• **Record extracts**:
====
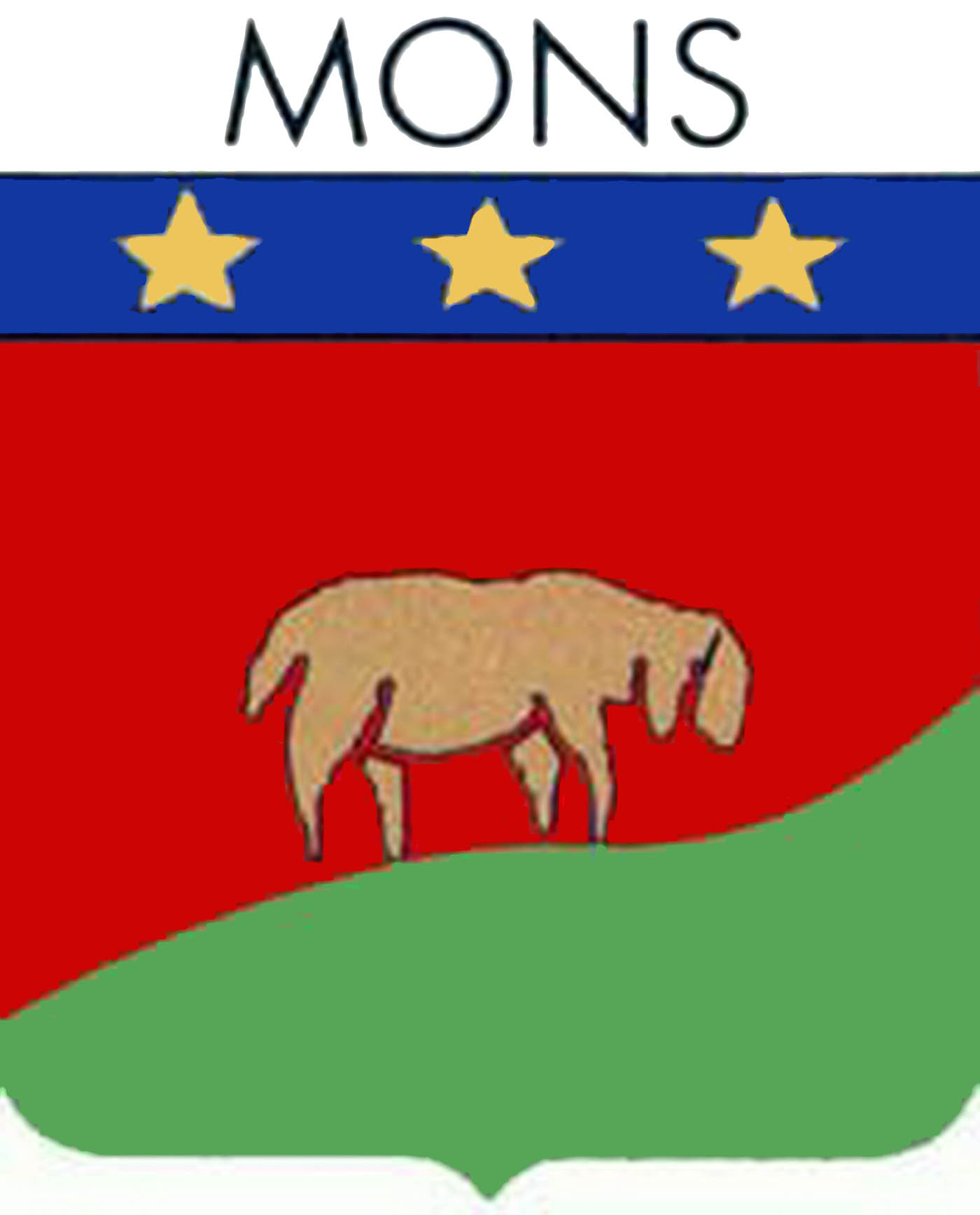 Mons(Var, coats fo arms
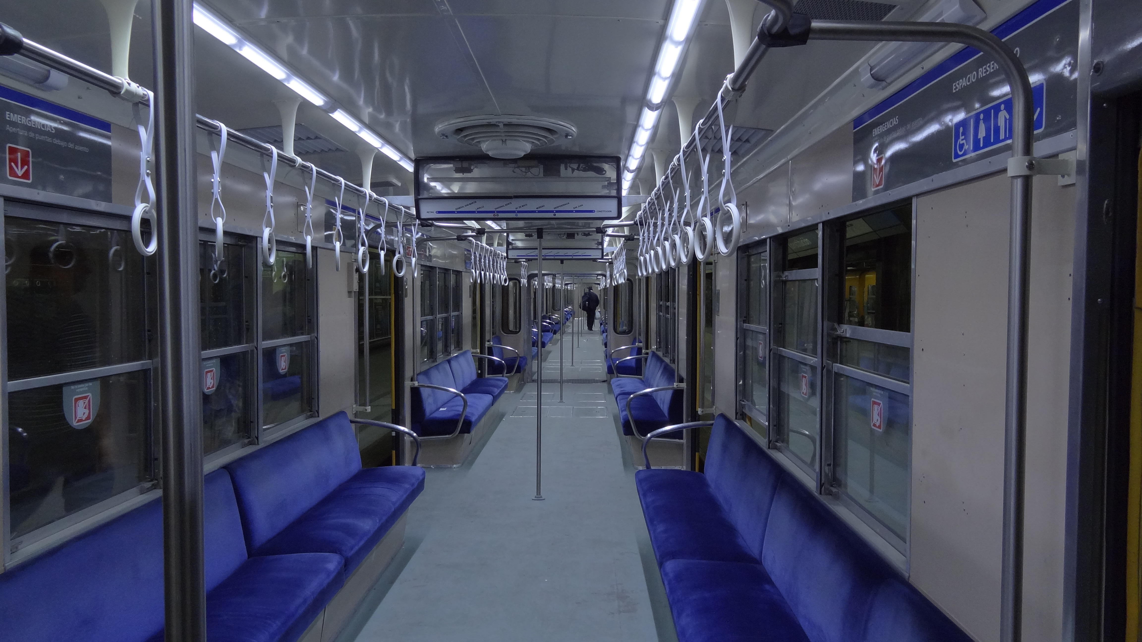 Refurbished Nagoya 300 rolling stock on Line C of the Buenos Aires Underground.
====
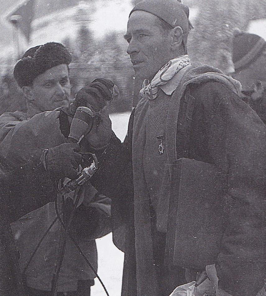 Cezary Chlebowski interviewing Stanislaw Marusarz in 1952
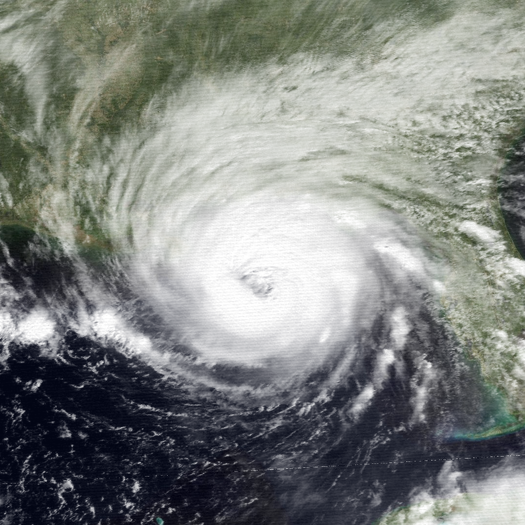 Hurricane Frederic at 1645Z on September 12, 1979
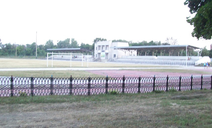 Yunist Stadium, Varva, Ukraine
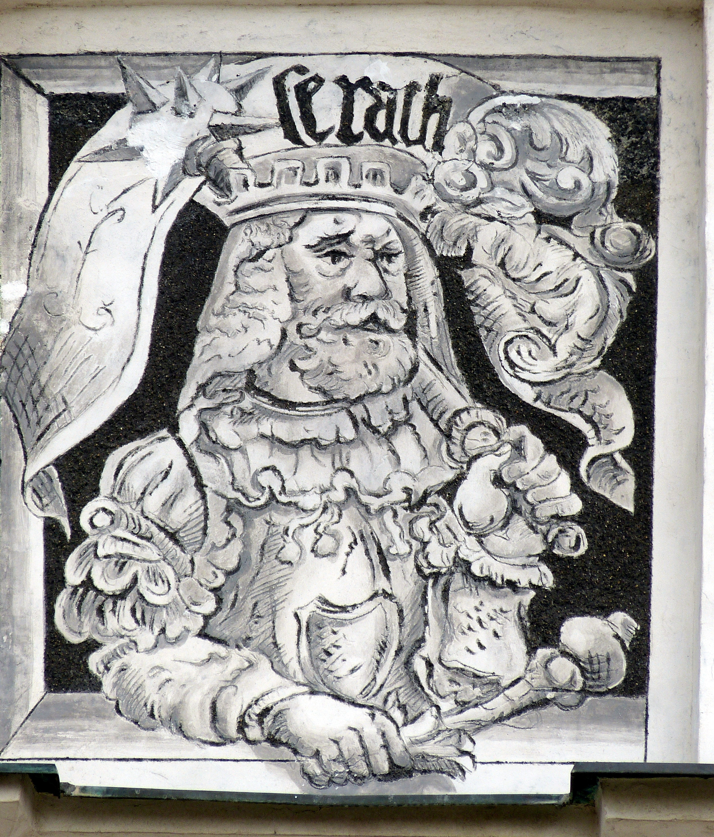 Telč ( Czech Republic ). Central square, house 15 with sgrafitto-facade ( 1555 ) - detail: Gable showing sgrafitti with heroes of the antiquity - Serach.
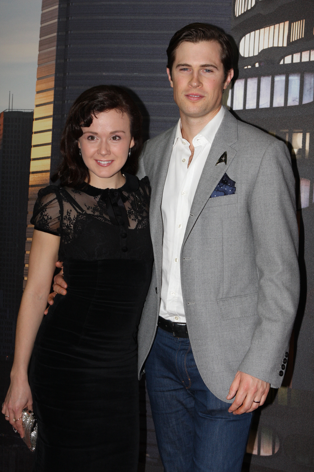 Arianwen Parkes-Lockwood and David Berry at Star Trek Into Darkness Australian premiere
====
Retype only the lines above from the one with "Mons(Var, coats fo arms" through the one with "Refurbished Nagoya 300", exactly and with both ends. Images stay out.

 Mons(Var, coats fo arms
 Refurbished Nagoya 300 rolling stock on Line C of the Buenos Aires Underground.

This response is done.